I'm working with three years of light data, collected at 15 minute intervals, from three different meters. In order to match this data up with another dataset, I'm trying to create interpolated light measurements at 5 minutes intervals using zoo.
Weird problems occur when I convert my dates and times with as.POSIXct
. The conversion works correctly with most of the data set, but consistently sets the time back one hour for three specific time periods: 03/13/11 2:00:00 - 2:45:00, 03/11/12 2:00:00 - 2:45:00, and 03/10/13 2:00:00 - 2:45:00. I've posted the results from the R console below. Can anyone explain this behavior and suggest a solution?

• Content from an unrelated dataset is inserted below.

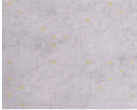
Resim 1: Sarı Noktaların Evrak Üzerinde Yakın Çekim Görünümü (URL-2)

SKS kodları cihaz ve evrak hakkında bize bilgi veren bir sistemdir. Bu sistem evrak içerisine fiziksel filigran veya fiziksel steganografi örneği olarak sarı noktalardan oluşan bir desen olarak işlenmektedir. Bu noktalar çıplak insan gözü ile görülmesinin zor ve hatta imkânsız olması için sarı renklerde ve ufak boyutlarda üretilmektedir. Her biri 0.006 inç olan bu sarı noktalar 600 dpi çözünürlükte yaklaşık 4 piksellik bir boyuttadırlar (Beusekom vd 2010: 5). Renklerinin sarı olarak tercih edilmesinin sebebi beyaz arka plan renk üzerinde sarı rengin yansıtılabilirliğinin düşük olmasıdır. Bazı yazıcı modelleri sarı renk yerine mavi renkte noktalar da tercih etmektedirler. Tespit edilmiş sarı nokta içeren yazıcıların listesi ESV'nin internet sayfasından elde edilebilir (URL-3). Sarı noktaların evrak üzerinde nasıl görüldüğü hakkında bilgi sahibi olunması amacıyla Şekil1'de sarı nokta işlenmiş bir evrak görüntüsü paylaşılmıştır.
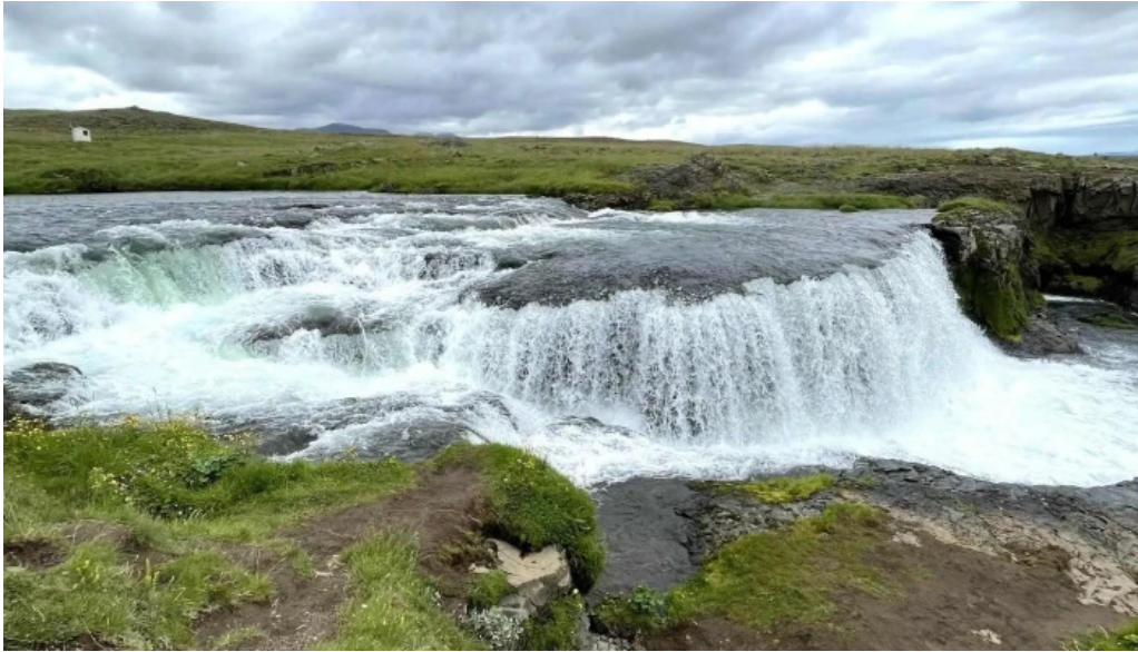
Fosslaug nálægt mer

> Ldata <- read.csv("9813306_LI_AIRTEM_HENGILL2_SUM.csv")
> head(Ldata)
X. date time Temp_C Light_lux
1 1 10/29/10 15:30:00 2.195 3444.5
2 2 10/29/10 15:45:00 1.330 3100.0
3 3 10/29/10 16:00:00 1.330 3100.0
4 4 10/29/10 16:15:00 1.221 2927.8
5 5 10/29/10 16:30:00 1.221 2152.8
6 6 10/29/10 16:45:00 1.112 1463.9
> str(Ldata)
'data.frame': 88417 obs. of 5 variables:
$ X. : int 1 2 3 4 5 6 7 8 9 10 ...
$ date : Factor w/ 923 levels "1/1/11","1/1/13",..: 105 105 105 105 105 105 105 105 105 105 ...
$ time : Factor w/ 98 levels "0:00:00","0:15:00",..: 33 34 35 36 37 38 39 40 41 42 ...
$ Temp_C : num 2.19 1.33 1.33 1.22 1.22 ...
$ Light_lux: num 3444 3100 3100 2928 2153 ...
This is the section of data that gives me trouble
> Ldata[c(12908:12911, 44194:44197, 79136:79139),]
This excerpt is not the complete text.